Access Control in Azure Databricks
This document provides a comprehensive guide to implementing robust access control mechanisms within Azure Databricks to ensure data security and manage user permissions effectively.
Table of Contents
Introduction
Azure Databricks offers granular control over who can access what resources within your workspace. This is crucial for maintaining data governance, preventing unauthorized access, and ensuring compliance with organizational policies.
Workspace Access Control
The foundation of access control in Azure Databricks lies in managing users and groups and assigning them appropriate permissions within the workspace.
Users and Groups
Azure Databricks integrates with Azure Active Directory (Azure AD) for identity management. You can synchronize users and groups from Azure AD to your Databricks workspace.
- Users: Individual identities that can be granted permissions.
- Groups: Collections of users that simplify permission management. Granting permissions to a group automatically applies those permissions to all its members.
Permissions Overview
Permissions in Databricks can be categorized as follows:
- Can View: Allows read-only access to a resource.
- Can Run: Allows running a notebook or job.
- Can Edit: Allows modifying a notebook or job.
- Can Manage: Allows full control, including deleting and changing permissions.
These permissions are applied to various workspace objects:
- Notebooks
- Folders
- Clusters
- Jobs
- Pools
- Models (MLflow)
Data Access Control
Controlling access to the data itself is paramount. Azure Databricks provides mechanisms to secure data stored in various locations.
Table ACLs (Access Control Lists)
For data stored in Unity Catalog or the Hive Metastore, Table ACLs allow you to define permissions on tables, views, and schemas. This enables fine-grained control over data access directly within Databricks.
- Grant/Revoke Permissions: You can grant privileges like SELECT, MODIFY, CREATE, and DELETE on specific data objects.
- Data Owners: Can manage permissions for their data assets.
Example SQL command:
GRANT SELECT ON TABLE sales_data TO "data-analysts-group";
External Data Sources
When accessing data from external sources like Azure Data Lake Storage (ADLS) Gen2 or Azure Blob Storage, access control is managed through:
- Service Principals: Use Azure AD Service Principals with appropriate RBAC roles (e.g., Storage Blob Data Reader) for secure access to storage accounts.
- Credential Passthrough: Inherit the identity of the user running the Databricks job to access data in ADLS Gen2.
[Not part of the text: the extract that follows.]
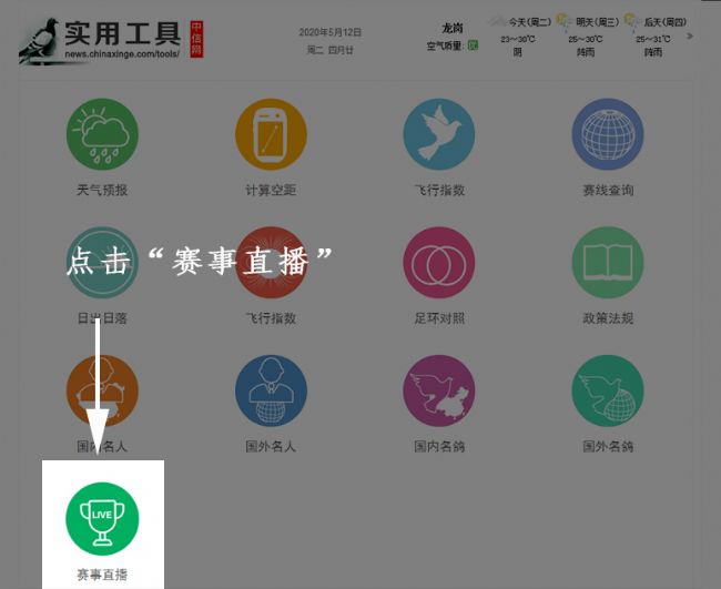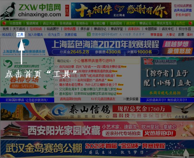 二、pc端入口:中国信鸽信息网首页→工具→赛事直播

- Unity Catalog Volumes: Provides a secure way to access files in cloud object storage, managed by Databricks.
Cluster Access Control
Controlling who can create, manage, and use clusters is essential for resource governance and cost management.
Cluster Permissions
Users can be granted permissions to manage clusters, allowing them to:
- Can Restart: Allows users to restart existing clusters.
- Can Attach To: Allows users to attach notebooks to existing clusters.
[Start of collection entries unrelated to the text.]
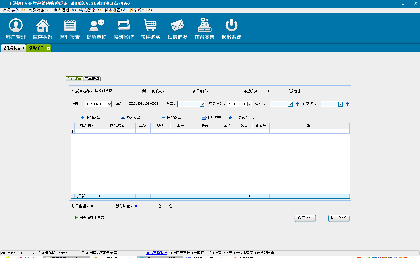 采购订单是对商品采购订单单据的录入。采购订单单据形成后并不会影响商品库存,可在订单查询中查询订单信息,单击订单查询中的订单入库,可将订单信息加载到商品采购入库界面,保存单据就可以将订单单据转为采购入库单据。
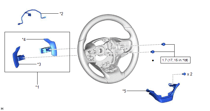 | *1 | HEATED STEERING WHEEL CONTROLLER (STEERING VIBRATION ECU) | *2 | STEERING WHEEL PAD BRACKET |
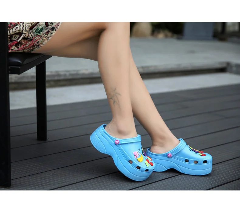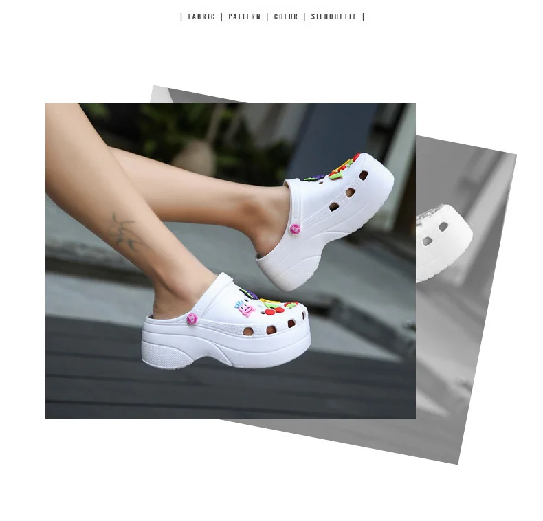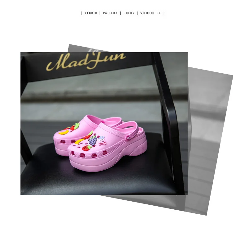 Ярко-розовые женские сабо; Летние женские медицинские сабо на платформе; Садовая обувь с фруктовым принтом; Женские пляжные сандалии; Сандалии
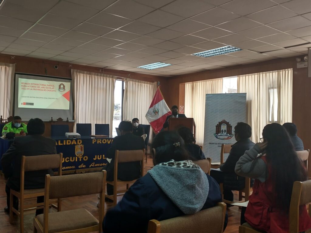 Con la participación de autoridades locales, representantes de las instituciones públicas de la provincia de Chucuito- Juli, la mañana de ayer, se llevó acabo la reunión intersectorial, para la conformación del Comité para el Buen Retorno al Año Escolar – BRAE 2022 convocada por la UGEL Chucuito- Juli.

- Can Manage: Allows full control over clusters, including creation, deletion, and configuration changes.
Pool Permissions
Permissions can also be applied to cluster pools, controlling who can use them to launch clusters.
Notebook and Job Access Control
Secure your analytical workflows by controlling access to notebooks and jobs.
- Notebook Permissions: Manage who can view, run, edit, or manage notebooks. This prevents unauthorized modifications or execution of sensitive code.
- Job Permissions: Control who can view, run, edit, or manage scheduled jobs. This is critical for maintaining the integrity of automated data pipelines.
Best Practices
To effectively manage access control in Azure Databricks, consider the following best practices:
- Principle of Least Privilege: Grant users only the permissions they need to perform their tasks.
- Use Groups Extensively: Manage permissions via Azure AD groups for simplified administration.
- Leverage Unity Catalog: For unified governance, discoverability, and fine-grained access control to data.
- Regularly Audit Permissions: Periodically review user and group permissions to ensure they are still appropriate.
- Secure Cluster Creation: Restrict who can create clusters and configure appropriate instance types and sizes to control costs.
- Utilize Service Principals for Automation: For programmatic access to resources, use Service Principals with limited scopes.
- Implement Data Masking and Row-Level Security: For highly sensitive data, consider these advanced techniques where applicable.